What is required
Once the pictures are set aside, transcribe the remaining data exactly.

(Supplied material Opens)

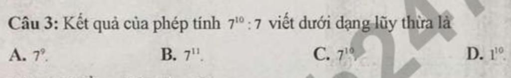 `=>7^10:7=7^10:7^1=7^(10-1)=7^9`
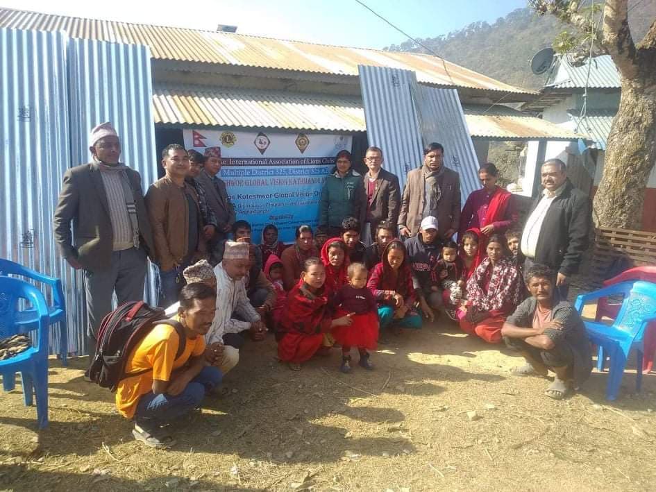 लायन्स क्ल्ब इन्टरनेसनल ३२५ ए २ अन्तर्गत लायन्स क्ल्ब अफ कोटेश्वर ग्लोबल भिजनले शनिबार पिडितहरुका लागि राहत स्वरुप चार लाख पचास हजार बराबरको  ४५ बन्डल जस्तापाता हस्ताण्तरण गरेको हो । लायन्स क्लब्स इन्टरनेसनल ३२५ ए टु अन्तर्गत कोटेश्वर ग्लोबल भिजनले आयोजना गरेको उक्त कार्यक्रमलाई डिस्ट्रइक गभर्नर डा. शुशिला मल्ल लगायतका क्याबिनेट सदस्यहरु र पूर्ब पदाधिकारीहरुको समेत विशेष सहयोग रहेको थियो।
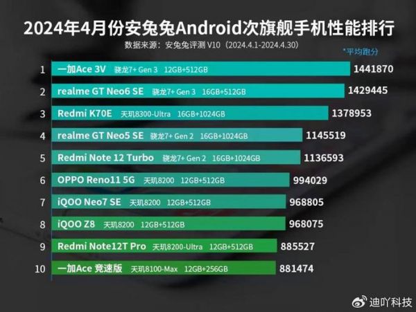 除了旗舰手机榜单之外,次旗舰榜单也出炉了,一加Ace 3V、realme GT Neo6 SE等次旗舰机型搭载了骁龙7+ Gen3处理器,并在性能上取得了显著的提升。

(Supplied material Closes)

Written response
 `=>7^10:7=7^10:7^1=7^(10-1)=7^9`
 लायन्स क्ल्ब इन्टरनेसनल ३२५ ए २ अन्तर्गत लायन्स क्ल्ब अफ कोटेश्वर ग्लोबल भिजनले शनिबार पिडितहरुका लागि राहत स्वरुप चार लाख पचास हजार बराबरको  ४५ बन्डल जस्तापाता हस्ताण्तरण गरेको हो । लायन्स क्लब्स इन्टरनेसनल ३२५ ए टु अन्तर्गत कोटेश्वर ग्लोबल भिजनले आयोजना गरेको उक्त कार्यक्रमलाई डिस्ट्रइक गभर्नर डा. शुशिला मल्ल लगायतका क्याबिनेट सदस्यहरु र पूर्ब पदाधिकारीहरुको समेत विशेष सहयोग रहेको थियो।
 除了旗舰手机榜单之外,次旗舰榜单也出炉了,一加Ace 3V、realme GT Neo6 SE等次旗舰机型搭载了骁龙7+ Gen3处理器,并在性能上取得了显著的提升。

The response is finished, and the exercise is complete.